Last week, Okta Security identified “adversarial activity that leveraged access to a stolen credential to access Okta’s support case management system,” Chief Security Officer David Bradbury said in a blog post.
Evercore ISI put Okta (OKTA) on its tactical underperform list after this second major breach in two years, as well as the company’s connection to recent attacks on MGM Resorts International (MGM) and Caesars Entertainment (CZR).
“This decision is rooted in our concern that these events will most likely have a [near-term] impact on OKTA’s pipelines, potentially forcing a downward revision to [fiscal 2024] estimates and jeopardizing consensus estimates for [fiscal 2025],” analyst Peter Levine, who has an In Line rating on the stock, wrote in a note.
Citi, which has a Neutral on Okta (OKTA), pointed out that the scope of the breach is unclear, but even if contained, “we believe the larger issue at hand is the negative impact on sentiment from the pattern of cyber breaches OKTA has experienced in the last 18+ months.”
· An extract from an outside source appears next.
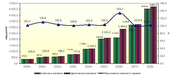 По данным статистики ФТС России за 2008 год в федеральный бюджет перечислено 4694,5 млрд. рублей, что составляет 101,8% от установленного таможенным органам задания. По сравнению с прошлым годом таможенных платежей перечислено на 1440,6 млрд. рублей больше или на 44,3%. (рис. 1).
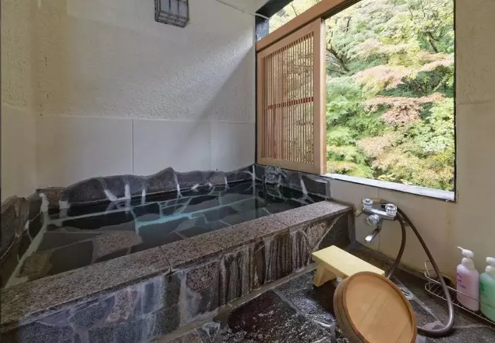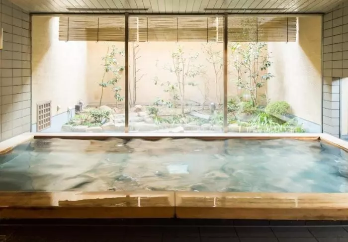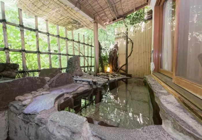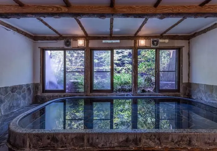 När du har gått mycket under dagen är hotellets onsen-bad den perfekta platsen att slappna av på och se ut i den vackra trädgården, som skiftar uttryck efter årstiderna.

“We’re opening a negative Catalyst Watch on possible narrative/sentiment overhang inhibiting multiple expansion, and the potential for reputational risk affecting new pipeline development,” analysts led by Fatima Boolani wrote in a note.
Citi noted that it’s not about the incident per se, but “the optics of a pattern.”
OKTA has thus far skirted material financial ramifications from these incidents in isolation, but the volume and close succession of headlines risks alienating customers and prospects, Citi said.
Shares are little changed year-to-date.